Silver adored Arielle from day one, and even though Arielle hasn’t lived at home much for seven years now, whenever she would visit Silver would be either in or just outside Arielle’s room. For days afterward, I’d find her hanging out by Arielle’s door a couple of times a day. Since Arielle went to college, Silver began to connect more deeply with me as well, and most of the time she was somewhere near me, whether roaming on my desk or painting table, purring on my lap, or sitting beside my chair.

Silver loved all people and often greeted visitors at the door and would beg to be picked up as soon as they settled in a chair. She loved to go to the vet; it was a new place to explore and there were new people to see– all good in her mind. She even loved her crate and was happy to hop in and go for a car ride.

It is so hard to wrap my mind around the idea that this vibrant, loving cat is no longer here. She was with us for so long and was a warm, loving part of every day for me in the past few years. I miss you so much, my little gray shadow. This house will never be the same without your playing, your pranks, and your purring.

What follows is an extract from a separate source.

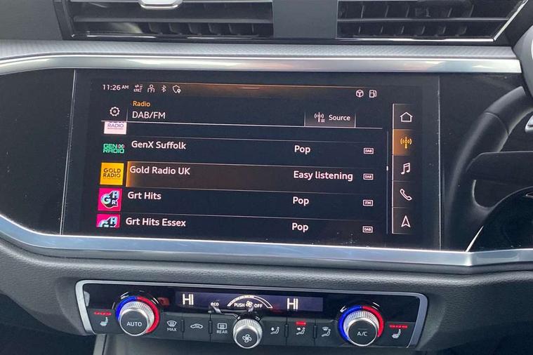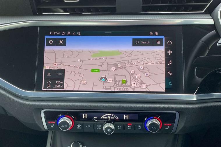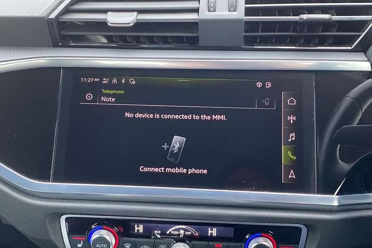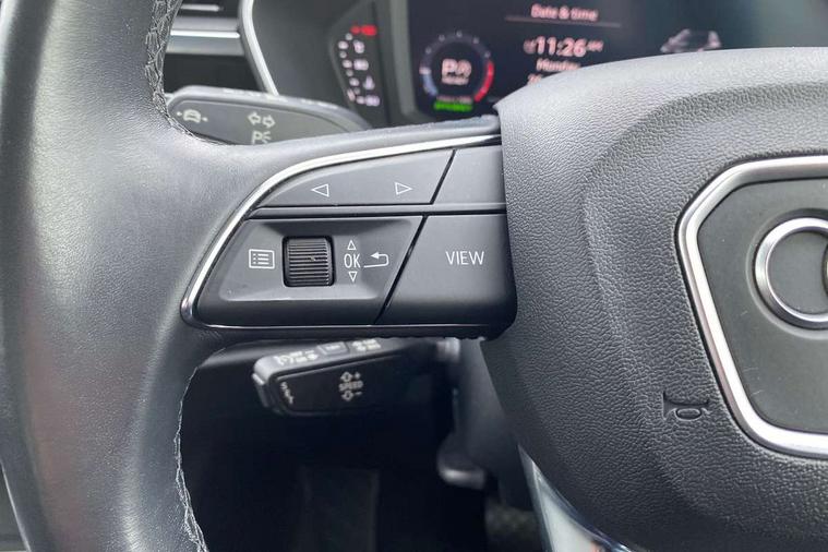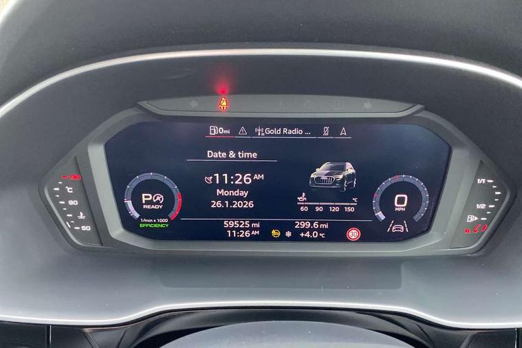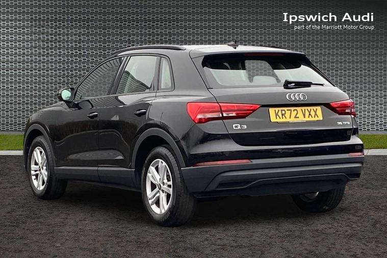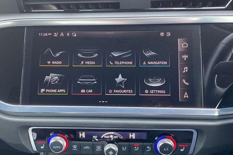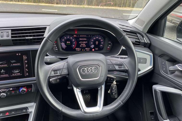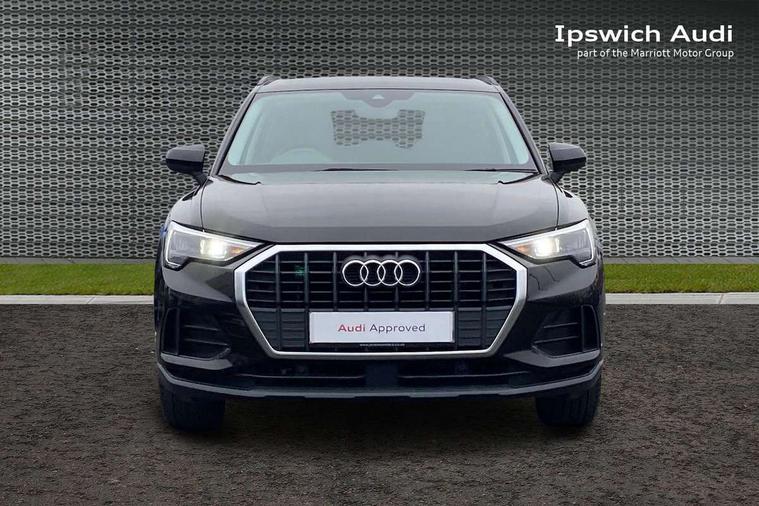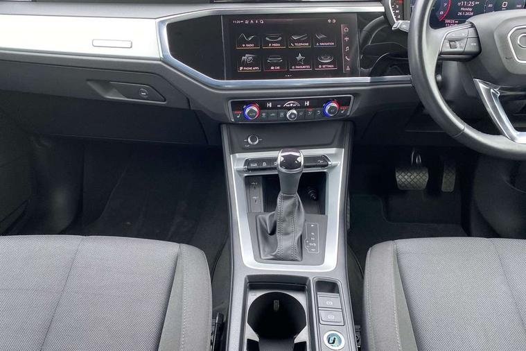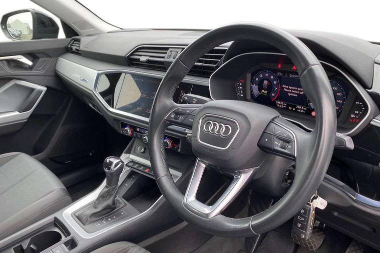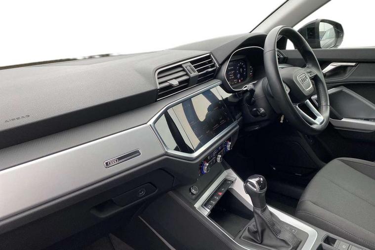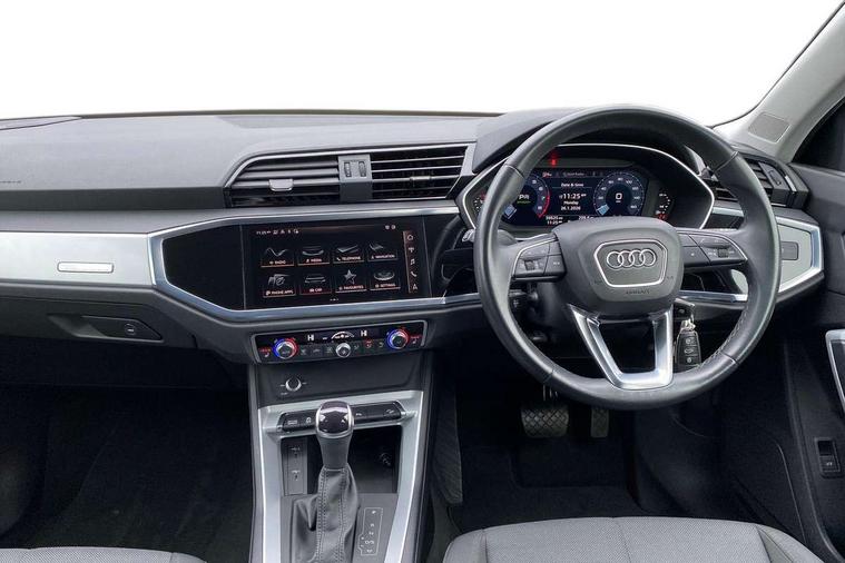 Amazon alexa Integration, Audi drive select, Audi lane departure warning, Audi Virtual Cockpit - 10.25" display, Bluetooth interface, Camera based traffic sign recognition, Legal emergency call, MMI Navigation Plus with high resolution 10.1 inch touchscreen colour display, Power operated tailgate, Progressive steering, Service interval indicator, Smartphone interface includes wireless Apple carplay/Android Auto, Start stop system with recuperation, Voice control system with natural language interaction, Standard suspension, 2 USB-C ports with charge and data functions, 6 passive loudspeakers, DAB digital radio module, Acoustic windscreen, Auto dimming frameless rear view mirror, Black roof rails, Body colour door mirrors, Diffuser in grained anthracite, Electrically folding, adjustable and heated door mirrors with integrated LED side indicators and kerb view function for passenger side, Exterior bumper with wheel arch trims and side sill trims in grained black matt, Front and rear electric windows, Grained radiator protective grille, Halogen rear lights, LED headlights with LED daytime running lights, Rain and light sensors, Rear side wing doors, Rear wiper, Third brake light, Variable front intermittent wipers, 12V socket in rear centre console, 3 seat bench in 2nd row, 3 spoke multi-function leather steering wheel, 40:20:40 folding with manual adjustment for 60:40 forwards/backwards position and backrest angle, Dual zone electronic climate control, Front and rear floor mats, Front and rear headrests, Front and rear roof module including reading lights, Front centre armrest, Glove compartment lighting, Height and reach adjustable steering wheel, ISOFIX child seat mounting for front passenger with airbag deactivation and outer rear seat including top tether attachment point for outer rear seats, Luggage compartment light, Lunar silver cloth headlining, Manual front seats with height adjustment, Single front passenger seat, Stainless steel luggage compartment sill finisher, Non smoking pack - Q3, 3x3 point rear seatbelts, 6 airbags - Driver, front passenger, curtain and side windows, Audi pre-sense front with pedestrain and cyclist recognition, Electrically operated child locks on rear doors, Electromechanical parking brake, Electronic stabilisation control including ABS, ASR and EDL, Front seatbelt reminder, Hill descent control, Hill hold assist, Pre sense basic, Seatbelt monitoring, Tyre pressure warning, Warning triangle and first aid kit, Anti theft alarm, Anti theft wheel bolts, Immobiliser, Remote central locking, Detail dashboard around MMI touch colour display in glass look, black with surround in aluminium look, Micrometallic silver inlay, 17" 5 twin spoke design alloy wheels,

On my lap, watching my face
She loved to sit in baskets, boxes, and wastebaskets
Sketches during Silver’s hyperthyroid days (once treated she was calmer)
Helping me with my work
Watching the birds with me

My last sketch of Silver

16 Replies to “Silver — 1998 to May 23, 2013”

  1. Such a lovely tribute to such a special kitty. I love how she always greeted me and let me love her up. She will be very missed. Love, hugs, and prayers.

  2. My heart aches with you as you grieve the loss of your Silver. What a wonderful and beautiful tribute to a special and very loved feline.

  3. I'm so very, very sorry for your loss, Melissa. I know the heartbreak and deep sadness of having to say goodbye to a loving, beautiful, much-loved furry companion. It's been nearly five years since I held my beloved cat Mollie girl in my arms while she gently passed away, but I still sense her presence and her love and her gentle, loving nature here with me. That's what I hold on to, and keep close to me – the fact that even though my beautiful sweet angel Mollie (as well as Rudi, Finn, Pooka, Shibbles, Rocky, Holly, Shadow and Puddin') are no longer here with me in the physical, tangible, palpable sense, they are always right here with me, in my heart, in my memories of them, in my love for them and their love for me over the years they were all in my life.

    I will light a candle for your beloved Silver, who is now with so many, playing and running free at the Rainbow Bridge. Your love for Silver will light her way.

    With much love and a saddened heart for your loss, June

  4. Melissa..I am so very sorry to be reading about your lovely cat 🙁 I know how precious our pets are to us. Not much I can say except please know I'm thinking of you x

    Stephie
    x

  5. What a beautiful tribute. Our art and our world is so much richer when we allow all our lines to blur, just a bit. The shapes still hold, but the love flows so much more freely. I am sorry for your loss, they break our hearts open in so many ways.

    Thank you for sharing, I am grateful for both Silver's gifts and yours.

  6. Thank you so much, June, for your lovely post. It is true that they live on richly in our memories, and I know I will get to the point that my memories of Silver will comfort me, as you have experienced with your many pets who have gone on.

  7. ReveredLizzie, thank you for your caring words. I really like what you said about allowing the lines to blur in a way that enriches our world and our art.

  8. Jonathan, I have very much appreciated all your encouraging words and your prayers in the last few weeks. Thank you so much. I know you loved Silver, too.